On 21 July 2016, the German Federal Supreme Court (BGH) gave its verdict on the validity of an abstract red colour mark of the umbrella organization of German savings banks (“Sparkassen”). It seems like the BGH is addressing a new colour every year.
The Sparkassen use this colour for their business since several decades e.g. on signs outside their branches, for their red savings books and marketing material. (Decision I ZB 52/15 – Sparkassen-Rot).
The German Sparkassen had been involved in a lawsuit against the Spanish bank Santander for years about the usage of the colour red. The BGH decided to keep saving the colour trademark for the Sparkassen in Germany and refused Santander’s application to delete the colour trademark which was a great win for the the Sparkassen.
How did this happen?
The abstract colour trademark „Rot“ (HKS 13) (red) was first filed in Germany in 2002, but was rejected. The Sparkassen restricted the specification to certain financial services in class 36 and submitted survey evidence on the acquired distinctiveness of the red colour for these services. It is registered since 2007, Sparkassen-finance group being its holder.
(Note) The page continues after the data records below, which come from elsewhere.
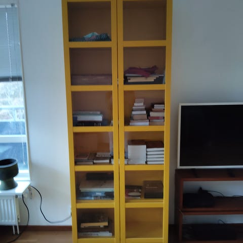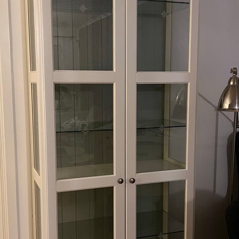 Vitrinskåp med fyra glasdörrar och flera hyllplan i grönmålat trä. Övre och nedre del har två dörrar vardera med runda knoppar. Skåpet ger god överblick över innehållet och lämpar sig för förvaring av porslin, glas, böcker eller prydnadssaker i vardagsrum, kök eller matsal. Hyllplan B71cm,D 32cm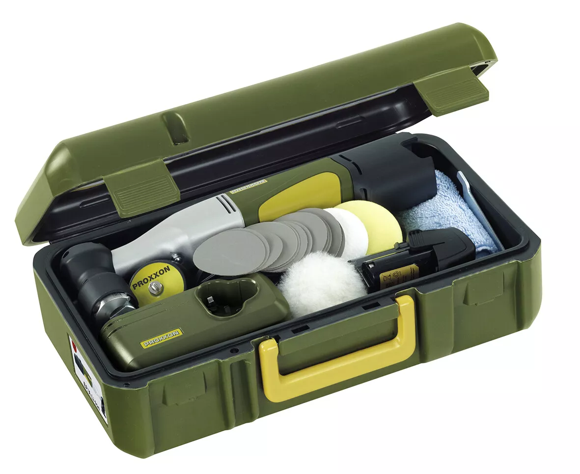 - Součástí dodávky je 1ks lithium-iontová baterie Li-A2 (10,8 V), 1ks rychlonabíječka LG/A2, 1ks gumový podpůrný kotouč 50 mm se suchým zipem, 1ks lešticí houba (středně tvrdá), 1ks kotouč z jehněčího rouna, 1ks filcový kotouč pro leštění kovů a neželezných kovů (střední tvrdost), 12ks brusných kotoučů (hrubost 2000) a 1ks hadřík z mikrovláken.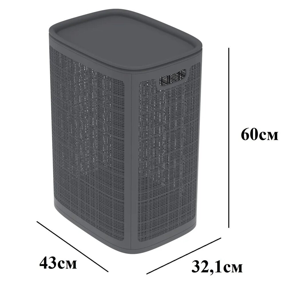 Плетёная корзина для белья сборная «Лён» 75 л (43х32.1х60 см) графит интересное: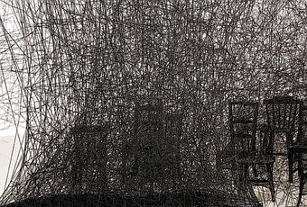Née en 1972 à Osaka au Japon, Chiharu Shiota est une artiste qui vit et travaille depuis les années 2000 à Berlin. L’artiste semble avoir une certaine obsession pour les arachnides et autres toiles d’araignées. La preuve avec cette installation actuellement exposée à New York à la Galerie Goff + Rosenthal. Des fils de laine noire à perte de vue dans tous les sens, dans tous les coins et recoins de la salle d’exposition, du sol au plafond. Le piano intitulée « In Silence » a été brûlé avant d’être emballé. Cette oeuvre est une réponse artistique et émotionnelle à un incendie qui a frappé son coeur. Une réflexion sombre sur la mort et l’embaumement, ici l’embaumement des choses.
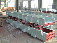 - SZF型慣性振動輸送機采用兩臺振動電機作為激振動源,運用自同步原理,兩臺振動電機反向轉動,使輸送機底部平衡架產生往復振動,經過主振簧與導向板簧的作用,帶動上部輸送槽振動,從而達到輸送物料的目的。該機是一種通用輸送機械,除用于水泥行業外,還可用于冶金、礦山、化工、電力等行業,是一種理想的新型輸送設備。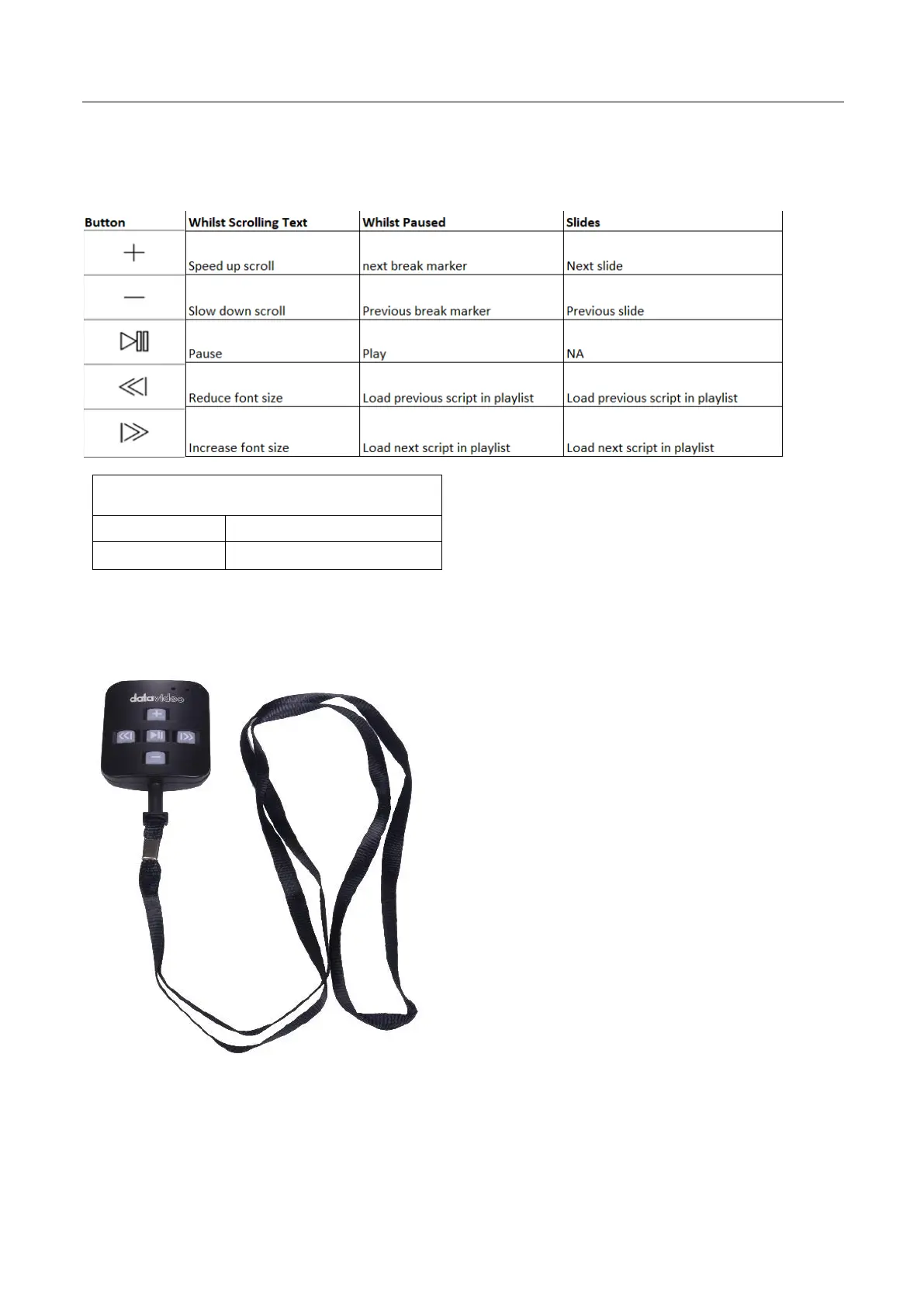 Datavideo TP-900 - Control Buttons; Remote Accessories; Lanyard Necklace

The PTO accepted the shown high public awareness of the colour red being associated with the Sparkassen and registered the colour trademark because of the bank’s reputation. Nevertheless not only Santander but several other banks applied for cancellation of the mark for lack of inherent and acquired distinctiveness. They all use the same colour for their corporate design as well.
The first court decision
The German Federal Patent Court (BPatG) paused the lawsuit in June 2014 and started a request for a preliminary ruling to the European Court of Justice (ECJ). In ECJ’s decision (C-217/13 and C-218/13) the judges set out the colour trademark’s cancellation, which was then suspended through the BGH because of an appeal on the point of law by the colour trademark holder (Sparkasse).
The German Federal Supreme Court indicted absolute protection obstacles because of insufficient distinctiveness. Abstract colour trademarks are not distinctive in general and not registrable according to § 8 Abs. 2 Nr. 1 MarkenG. A colour is often seen as a decorative element instead as a product label.
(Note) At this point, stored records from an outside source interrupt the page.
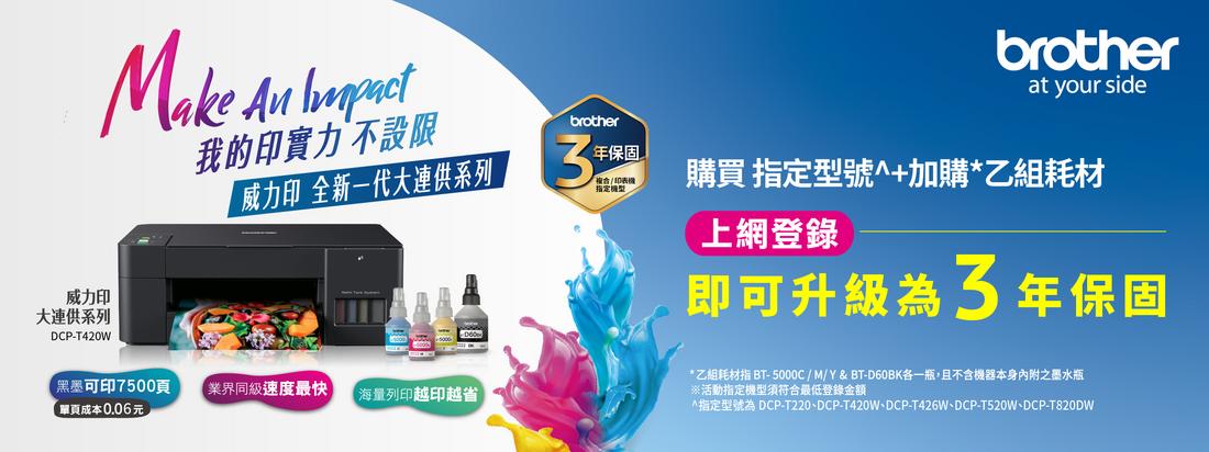 升級三年保固(DCP-T220、DCP-T420W、DCP-T426W、DCP-T520W、DCP-T820DW、MFC-T920DW)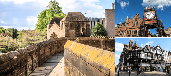 リバプールから電車で約40分、ロンドンからも列車で約2時間でアクセスできるチェスターはイングランドの歴史を体現する街です。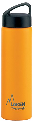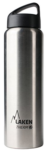 This beautiful and versatile Laken Thermo Classic is a vacuum insulated stainless steel water bottle that can hold cold drinks chilled for up to 20 hours and hot beverages hot for up to 10 hours. It has a double layered stainless steel construction that provides excellent thermal insulation, and an external threading for comfortable drinking and pouring. The wide screw-on cap has a jaunty handle for easy opening and closing and an insulating layer for better performance. The body of this wide mouth bottle is made up of 18/8 food grade stainless steel that is chemically inert and makes sure that your beverages remain fresh and safe for long time periods. These bottles are BPA, phthalate and lead free with no inner liner. The interior is 100% INOX so there is no leeching effect as is the case with plastic bottles. Our stainless steel bottles are inert to hot and cold beverages such as coffee, tea and soups, as well as alcoholic beverages and acidic fruit juices. They are completely taste and scent neutral. Laken wide necked Thermo bottles can also be used with our Jannu flip drinking cap for all beverages except hot or carbonated beverages.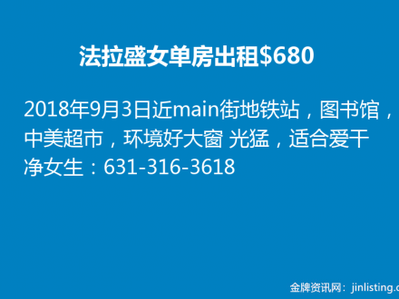 法拉盛女单房出租$680 631-316-3618

The trademark holder justified the acceptance of the acquired secondary meaning at the time of the decision on the application for cancellation in 2015 through various opinion research reports about the acquired secondary meaning. This means that the consumers connect the colour red as a product label with the Sparkassen, due to their consistent corporate appearance. In this case according to § 50 Abs. 2 Satz 1 MarkenG the colour trademark may not be cancelled.
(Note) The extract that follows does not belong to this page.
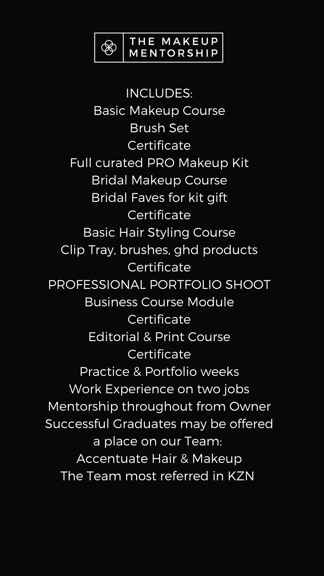 OPTIONAL ADDITION: DIPLOMA IN HAIR AND MAKEUP ARTISTRY After 90 hours of signed off practice hours (roughly 2 yrs) following successful completion of their Mentorship Program, students are eligible to apply for their Diploma and MAC discount card. The cost to complete your diploma is an annual registration fee of R25,000 (payable upfront on completion of the Mentorship Program) You will submit your work at the end of every quarter (March/June/Sep)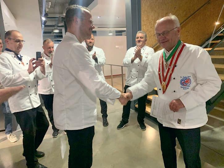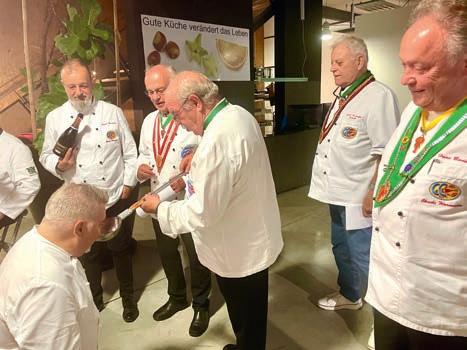 z Vier Kochbrüder sind in den letzten 5 Jahren zu uns gestoßen. Und all die Zeit haben wir Altgedienten uns bemüht die „Jungs“ zu animieren, ihre schlichten weißen Kochjacken mit einem blauen Band zu verzieren. Endlich die Bereitschaft, endlich haben es zwei durchgezogen und weitere zwei Brüder, André Köhler – der Mann mit der Tätowierung unseres Clubs auf seinem Unterschenkel – im Herbst und Martin Seligmann für Januar, Ihre Prüfungen angemeldet.

In his sentence the BGH made clear that colours are not product labels and due to their insufficient distinctiveness it is also not possible to register them as trademarks. The only exception is possible, if the colour did establish in commercial traffic per se and the public is seeing a hallmark in the colour.
BGH’s decision shows how a trademark registered in Germany can last even in times of a transborder European financial sector. The consequences for Santander’s future brand presence in Germany are not yet predictable.
The BGH decision came as quite a surprise – the standard procedure under German law would have been for the court to provide guidance to the previous instance, here the BPatG, and to refer the case back to that court for a decision. The full decision, once published, will be an interesting read.